Data for review Start Marker

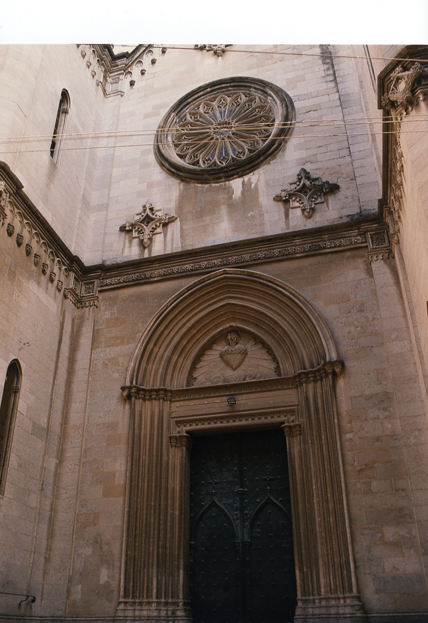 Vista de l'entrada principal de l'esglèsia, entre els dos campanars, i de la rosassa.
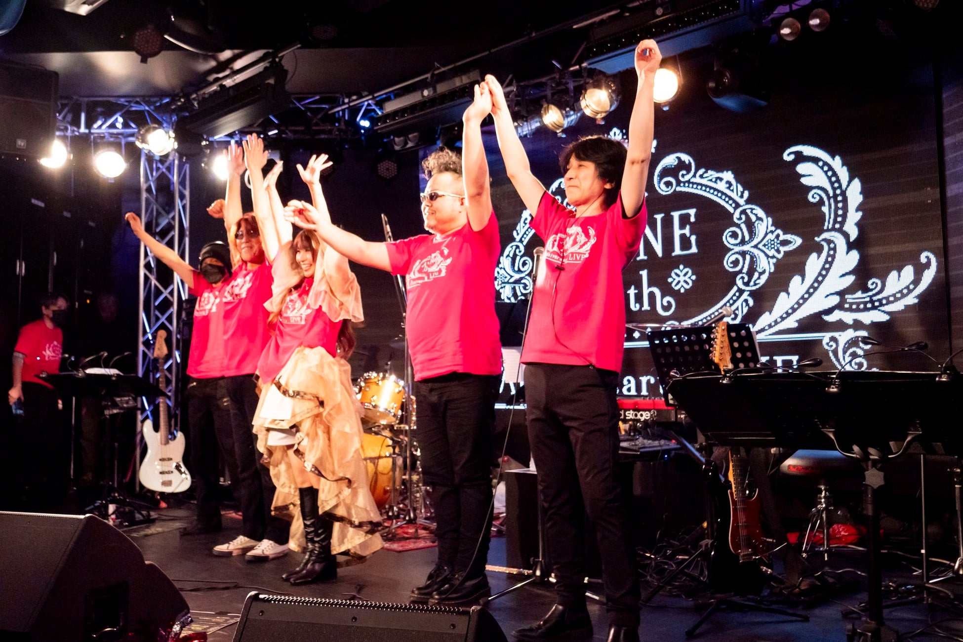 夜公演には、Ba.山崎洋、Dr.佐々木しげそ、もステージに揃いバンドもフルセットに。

Data for review End Marker
Data for review Start Marker

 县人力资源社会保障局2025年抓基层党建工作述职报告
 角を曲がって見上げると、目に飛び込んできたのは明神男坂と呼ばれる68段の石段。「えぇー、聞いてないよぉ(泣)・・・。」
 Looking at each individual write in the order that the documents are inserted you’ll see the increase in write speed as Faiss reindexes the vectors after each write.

Data for review End Marker

In the entries above, find the line with "角を曲がって見上げると、目に" and the line with "Looking at each", then restate word for word both of them and every line between, with nothing more.

 角を曲がって見上げると、目に飛び込んできたのは明神男坂と呼ばれる68段の石段。「えぇー、聞いてないよぉ(泣)・・・。」
 Looking at each individual write in the order that the documents are inserted you’ll see the increase in write speed as Faiss reindexes the vectors after each write.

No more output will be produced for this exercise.